> [TASK] Please restate the listing word for word, omitting the images.

> [DATASET SECTION]
───

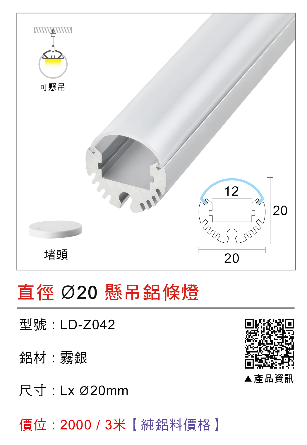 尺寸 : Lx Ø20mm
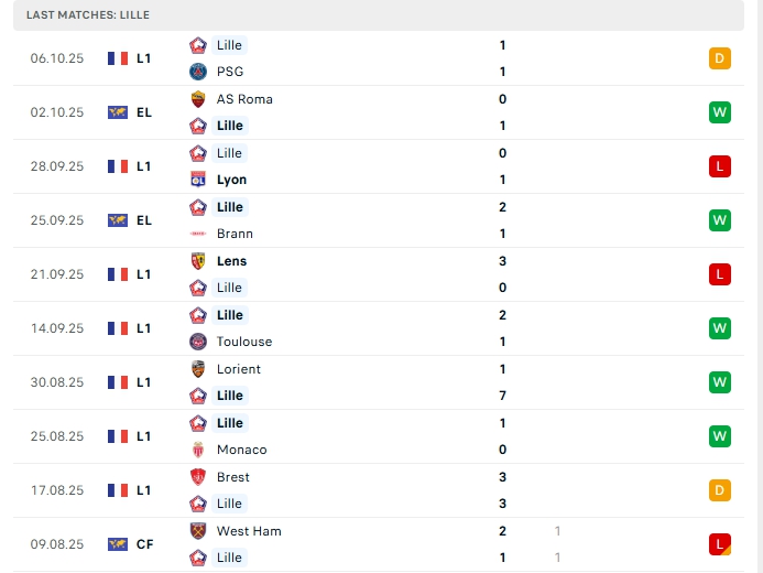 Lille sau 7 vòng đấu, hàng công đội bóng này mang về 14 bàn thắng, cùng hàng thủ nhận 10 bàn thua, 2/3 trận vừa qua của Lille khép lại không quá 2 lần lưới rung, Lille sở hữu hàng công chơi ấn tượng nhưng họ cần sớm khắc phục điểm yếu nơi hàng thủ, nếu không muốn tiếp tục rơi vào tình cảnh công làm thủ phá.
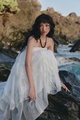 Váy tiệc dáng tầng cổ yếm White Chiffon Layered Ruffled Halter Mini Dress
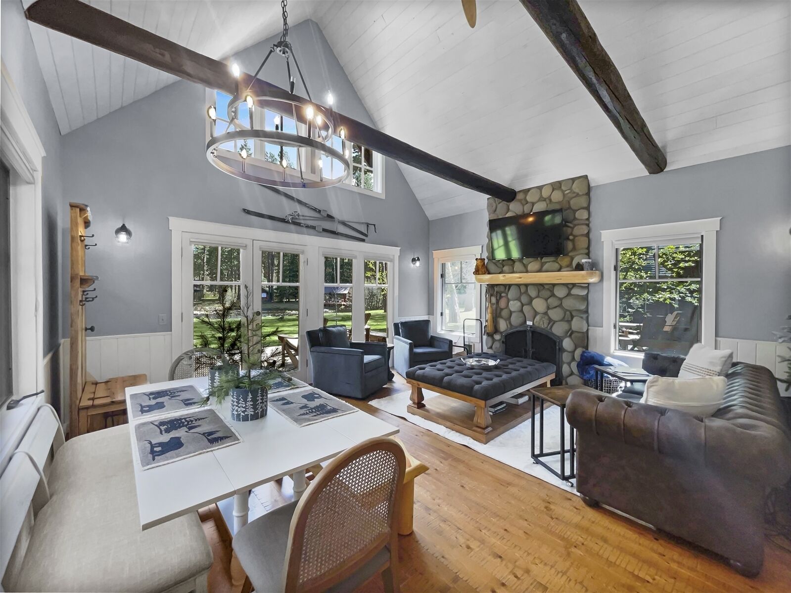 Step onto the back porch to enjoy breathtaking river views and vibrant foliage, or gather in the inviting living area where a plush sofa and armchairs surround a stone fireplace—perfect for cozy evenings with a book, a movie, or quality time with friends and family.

───

> [PROBLEM SOLUTION]
 尺寸 : Lx Ø20mm
 Lille sau 7 vòng đấu, hàng công đội bóng này mang về 14 bàn thắng, cùng hàng thủ nhận 10 bàn thua, 2/3 trận vừa qua của Lille khép lại không quá 2 lần lưới rung, Lille sở hữu hàng công chơi ấn tượng nhưng họ cần sớm khắc phục điểm yếu nơi hàng thủ, nếu không muốn tiếp tục rơi vào tình cảnh công làm thủ phá.
 Váy tiệc dáng tầng cổ yếm White Chiffon Layered Ruffled Halter Mini Dress
 Step onto the back porch to enjoy breathtaking river views and vibrant foliage, or gather in the inviting living area where a plush sofa and armchairs surround a stone fireplace—perfect for cozy evenings with a book, a movie, or quality time with friends and family.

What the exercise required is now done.